The collection of wisdom, in particular, was bent on gaming this system and finding the cradle—the bosom of Abraham, as it were—where one could experience the embrace of heaven while here on earth. The contribution of Jesus within this system was illustrating that the embrace of this world could overwhelm the chasm of death and allow one to leap back from that realm in an elevated physical state. The common notion of heaven, hell and death being on the same side of the universe is, from a scriptural point of view, thoroughly flawed. It is a selective reading that would be entirely nonsensical to the apostles—the modern notion suggests that death is a department store with heaven in the attic and hell in the basement.
The ancient notion is that heaven is present in this world, but hides from us in order to protect itself and its contents, opens itself to those who are worthy of entry, and waits for those who are resurrected for evaluation and entry.

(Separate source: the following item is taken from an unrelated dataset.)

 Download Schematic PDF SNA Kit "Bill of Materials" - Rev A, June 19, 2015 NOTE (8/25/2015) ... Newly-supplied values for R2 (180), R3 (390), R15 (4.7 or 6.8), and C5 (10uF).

Hell is the result of the laws of the universe outside of heaven (and the energy required to sustain them) being withdrawn—all elements allowed to resume their natural chaotic state. The suggestion is that this retraction of natural laws will not occur until all the souls have been resurrected and judged.
The interesting thing about all of this—well, the Judahite obsession with death—because the kingdom of God, and Eden itself, was on this side of death, it meant that once you crossed into Hades you were effectively locked out of any possibility of communion with God—not to say you were in hell exactly, but you were in a completely different space from God.

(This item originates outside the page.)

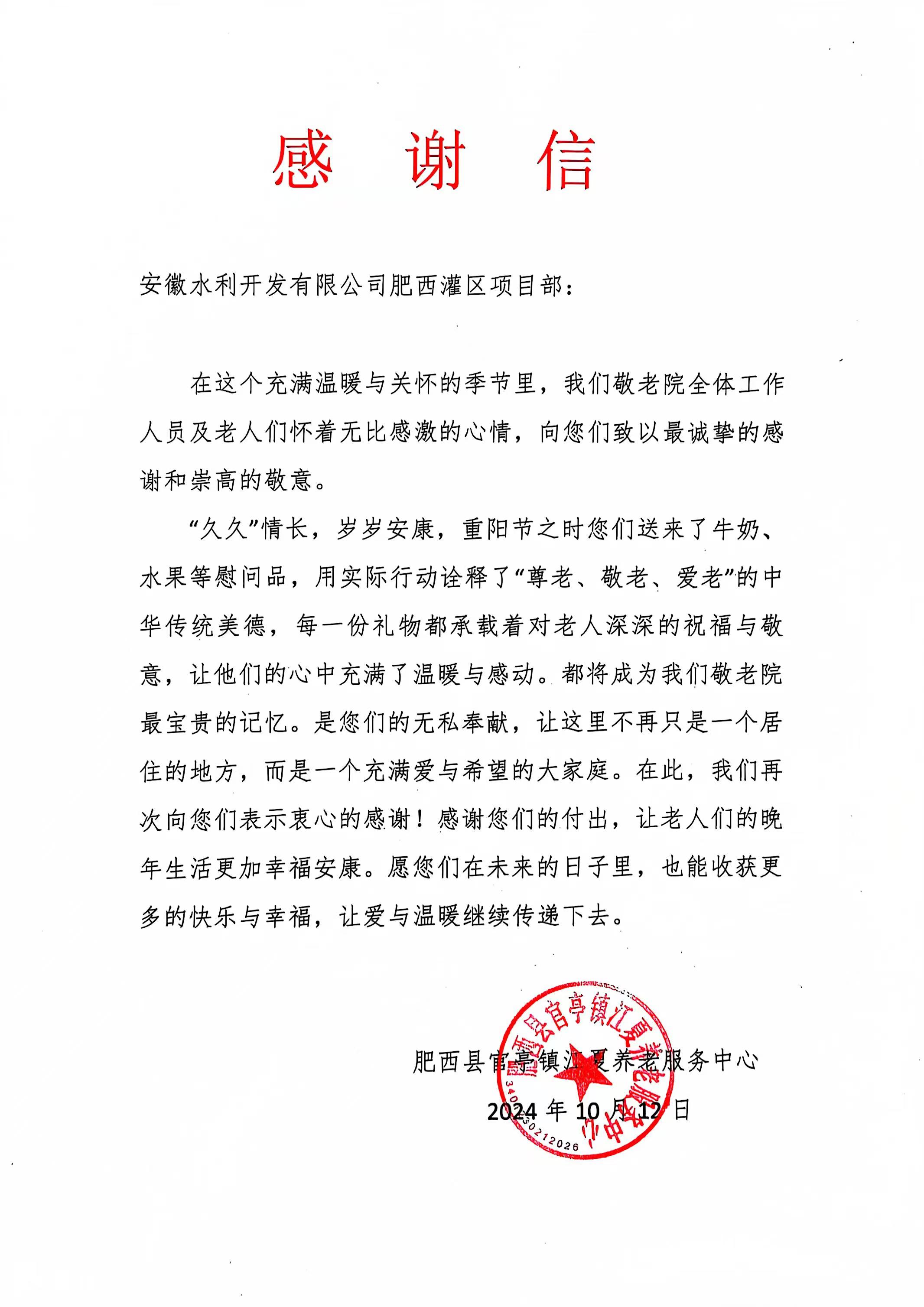 安徽水利收到一封來(lái)自養(yǎng)老服務(wù)中心的感謝信

So you have lots of kids, hoping that one day your lineage would experience the inheritance, etc., etc.
This is the nonsense to the Greeks (who had a very different view of the afterlife) and is also why Paul is very focused on ‘how the Exodus works.’ Based on the revelation he received, the exodus combined with Jesus' example taught how one was either trapped in death, or was able to resurrect and escape it. This was the hard part of the journey—once you were properly clothed (i.e., resurrected), entry into the kingdom was as easy as being able to love—‘love one another as I have loved you’ period.
In other words, when Paul talks about those who won’t enter into the kingdom of God, it is not because of the quality of their sins by themselves—it is the problems their sins will pose when the distractions experienced in death overwhelm the interest one has in the resurrection. This is why certain sins are grouped together—because each group of sins played on the same human vulnerability. People then got ‘stuck’ in death, while those who follow Christ and seek the resurrection are ‘unstuck’—and likewise, the stories of Christ ‘unsticking’ others from death are part of the whole crucifixion narrative.

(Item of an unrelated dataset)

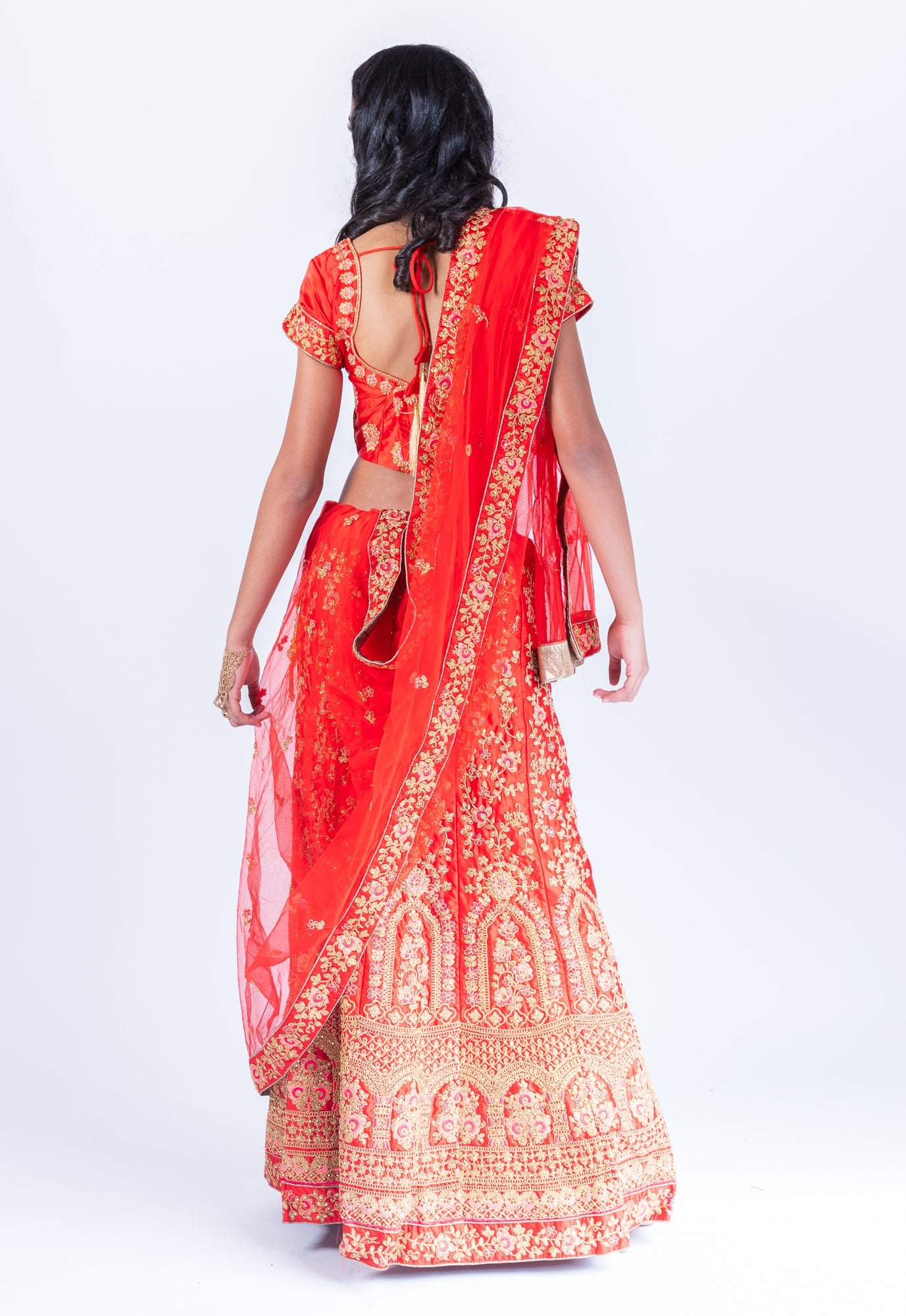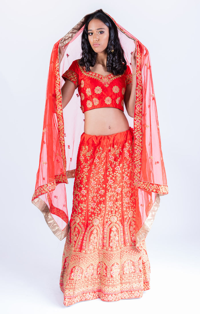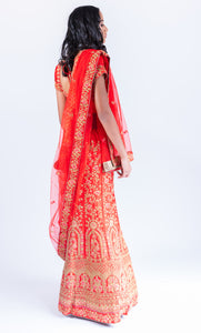 • Handmade Silk Chili Red Heavy Embroidered Lehenga Set

If you do not believe that heaven and hell are on this side of the life/death barrier, then you want death—you strive towards it—you will fly airplanes into buildings to achieve it. That is how serious the cosmological difference is. But those who are drawn to life in its purist form will be drawn towards the source of life—regardless of their stated beliefs. And I have found them to be able allies—regardless of their stated affiliations. These are folks who avoid the taste of death, as it were. They don’t wait for death to build them a comfortable house, with a big easy chair, and lots of servants all over the place catering to their every whim, and then wonder when—all of a sudden if they actually want to get out—they cannot find the door where they came in. Pluto wasn’t the Greek god of wealth for nothing—this aspect of death being a source of wealth and therefore enticing the soul to transition from regular sleep to permanent death—was not just a Judahite notion.
Death is a bribe that you accept, from this point of view. This scene from The Matrix [1] illustrated the concept flawlessly—far too well to go into here.
Those who truly love life are all on the same side—they struggle together.